Google launched the Chromecast, an HDMI dongle that lets you display tabs from Chrome on your laptop or mobile device on a TV. Assuming the performance is good enough, this sounds like a simple and cheap way to put a WebRTC call on a big screen.

WebRTC Book Second Edition

WebRTC: APIs and RTCWEB Protocols of the HTML5 Real-Time Web is a book dedicated entirely to WebRTC and is now available in a second edition that covers ICE, STUN, and TURN. The book is available both digitally and in paperback.

WebRTC Hacks Blog

Chad Hart, Director of Product Marketing at Acme Packet, teamed up with Reid Steidholph and  Victor Pascual Ávila to create the WebRTC Hacks blog.

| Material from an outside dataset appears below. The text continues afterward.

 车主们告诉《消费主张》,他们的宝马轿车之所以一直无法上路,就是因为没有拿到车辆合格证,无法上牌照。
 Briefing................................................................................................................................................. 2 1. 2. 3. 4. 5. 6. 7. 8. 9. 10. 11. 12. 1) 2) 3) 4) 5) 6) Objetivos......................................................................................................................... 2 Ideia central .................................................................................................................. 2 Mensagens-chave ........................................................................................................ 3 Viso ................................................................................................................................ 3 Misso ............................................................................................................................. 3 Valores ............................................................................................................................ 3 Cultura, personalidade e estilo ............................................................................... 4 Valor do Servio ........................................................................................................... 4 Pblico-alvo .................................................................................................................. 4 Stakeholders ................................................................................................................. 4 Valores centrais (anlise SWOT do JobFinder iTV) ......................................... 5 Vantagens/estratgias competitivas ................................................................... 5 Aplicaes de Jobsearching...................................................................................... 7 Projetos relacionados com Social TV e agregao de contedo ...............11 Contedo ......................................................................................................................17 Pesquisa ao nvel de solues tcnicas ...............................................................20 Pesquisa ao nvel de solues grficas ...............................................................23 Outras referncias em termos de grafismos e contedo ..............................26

In their words, it is a blog that

puts a developer audience first

and

helps developers move the WebRTC market forward

WebRTC Digest – Week of 7/15 – WebRTC Book and IETF Unified Plan

WebRTC Book

Ilya Grigorik, Developer Advocate at Google, is in the process of writing a book titled High Performance Browser Networking. A preview of the book is available and it has an entire chapter dedicated to WebRTC, complete with examples and diagrams.

IETF – Unified Plan

RTCWeb IETF working group members came to a compromise on a “Unified Plan for SDP Handling”; the authors include representatives from Mozilla, Google and Microsoft.

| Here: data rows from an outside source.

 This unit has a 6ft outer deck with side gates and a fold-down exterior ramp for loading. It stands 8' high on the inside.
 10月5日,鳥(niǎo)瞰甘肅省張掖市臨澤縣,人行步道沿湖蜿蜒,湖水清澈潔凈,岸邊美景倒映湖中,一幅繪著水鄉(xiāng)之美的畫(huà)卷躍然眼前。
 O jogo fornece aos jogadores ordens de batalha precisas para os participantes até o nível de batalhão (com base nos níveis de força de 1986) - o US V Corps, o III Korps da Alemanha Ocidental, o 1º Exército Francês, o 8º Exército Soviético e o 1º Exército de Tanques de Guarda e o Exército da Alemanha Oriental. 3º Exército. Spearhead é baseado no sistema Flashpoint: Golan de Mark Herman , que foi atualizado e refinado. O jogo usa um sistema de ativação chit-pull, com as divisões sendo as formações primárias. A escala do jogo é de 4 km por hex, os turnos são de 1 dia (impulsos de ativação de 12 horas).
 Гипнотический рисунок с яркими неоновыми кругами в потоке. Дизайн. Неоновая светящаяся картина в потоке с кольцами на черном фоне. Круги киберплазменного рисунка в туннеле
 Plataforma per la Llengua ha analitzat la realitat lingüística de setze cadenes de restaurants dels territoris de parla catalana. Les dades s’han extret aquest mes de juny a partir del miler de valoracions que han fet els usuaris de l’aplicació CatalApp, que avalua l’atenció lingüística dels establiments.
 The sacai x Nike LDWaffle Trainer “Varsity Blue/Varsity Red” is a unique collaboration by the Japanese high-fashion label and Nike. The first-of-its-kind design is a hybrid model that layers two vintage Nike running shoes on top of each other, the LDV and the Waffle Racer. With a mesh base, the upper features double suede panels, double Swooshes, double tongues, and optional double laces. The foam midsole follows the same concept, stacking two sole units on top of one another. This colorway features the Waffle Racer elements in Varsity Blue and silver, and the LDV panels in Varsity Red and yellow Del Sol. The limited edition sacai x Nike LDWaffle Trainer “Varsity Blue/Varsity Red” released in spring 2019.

WebRTC Digest – Week of 7/8 – Chrome 28, Intel, MediaStream Recording

Chrome 28

Chrome 28 was officially released to the stable channel. The WebRTC-related changes are available in this post to the discuss-webrtc mailing list.

Intel WebRTC

Intel launched a service called “Intel Collaboration Service for WebRTC”, which currently consists of a JavaScript and Android API. Tsahi Levent-Levi speculates that this might result in chipset-level WebRTC support on Intel processors.

MediaStream Recording

Progress is being made on the MediaStream Recording implementation. Support for audio recording landed in Firefox Nightly with progress being tracked in this Bugzilla bug. The Chrome (Blink) team published an “Intent to Implement” document for recording on the blink-dev mailing list and is discussing how best to implement it.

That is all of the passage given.